6. The method of claim 5, wherein: in the step (4), three jump connection modes are provided according to the characteristics of an image coding stage; firstly, a jump connection module Concata is constructed by expanding a full connection layer, and the module stretches the output flattening of the last encoder into a one-dimensional vector so as to be better reconstructed into three-dimensional characteristics; secondly, a jump connection module ConcatB is constructed between the encoder and the decoder at the same stage, characteristic channels at two ends of the encoder and the decoder are aligned through a two-dimensional convolution module, two-dimensional image characteristics are copied and expanded into three-dimensional image characteristics, three-dimensional convolution modules are used for carrying out characteristic coding, the modules transmit low-level two-dimensional image characteristics to the three-dimensional decoder, image details in the three-dimensional reconstruction process are made up, and the outline shape between input and output has high correlation; and finally, constructing a jump connection module Concat between two decoders of the parallel U-shaped network, splicing the output of each stage of decoder to obtain fusion characteristics so as to fuse the characteristics of two different plane X rays, enabling the model to learn to obtain a more sufficient mapping relation, calculating the similarity degree between the output of the two decoders, and updating parameters by back propagation.
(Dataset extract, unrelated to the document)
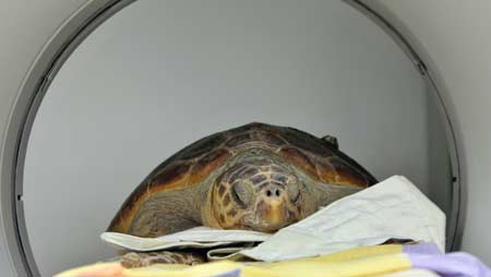 Fender, a 20-year-old marine Loggerhead turtle is seen during a CT scan at the Israeli Veterinary in Beit Dagan, near Tel Aviv, April 25, 2006. Fender is suffering from excessive air in the lungs. The turtle was caught by fishermen in the Mediterranean sea, off the coast of Israel six months ago. [Reuters]

7. The method of claim 6, wherein in step (4), the loss function is improved according to the target task and the image characteristics, and a mixed loss function optimization model training process is provided; the hybrid loss function is mainly composed of a contrast loss, a reconstruction loss and a projection loss, wherein the contrast loss is used for distinguishing a real data distribution and a corresponding generated data distribution, and the expression is as follows:

wherein X is an input X-ray image of two orthogonal planes, and y is a CT image; lambda (lambda) ₁ =0.1 is the counterdamageLoss function weights;

wherein lambda is ₂ =10 is the reconstruction loss function weight;

thus, the final mixing loss function is defined as follows:

8. the method of any one of claims 1 to 7, further comprising step (5): the reconstructed CT image is taken as input, and a lung nodule detection model based on YOLOv5 is constructed to verify the quality of the generated image.

9. The method of claim 8, wherein in step (5), lung nodules greater than 3mm are labeled with the lung CT images generated in step (4), and a lung nodule detection dataset is constructed and partitioned, wherein the training set, the validation set, and the test set are 8:1:1, a step of; the FocalLoss loss function is added on the basis of the original loss function, and the FocalLoss loss function is as follows:

FL(p _t )＝-α _t (1-p _t ) ^γ log(p _t )

10. The method of claim 9, wherein: in the step (5), a backbone network of the lung nodule detection model adopts a pre-trained ResNet-34 network on an ImageNet for initializing model parameters and enhancing training effects; aiming at the image characteristics and distribution characteristics of the existing data set, the original loss function is improved, and the unbalanced characteristics of data types are relieved; and finally, testing and verifying the quality of the generated CT image by using the test image.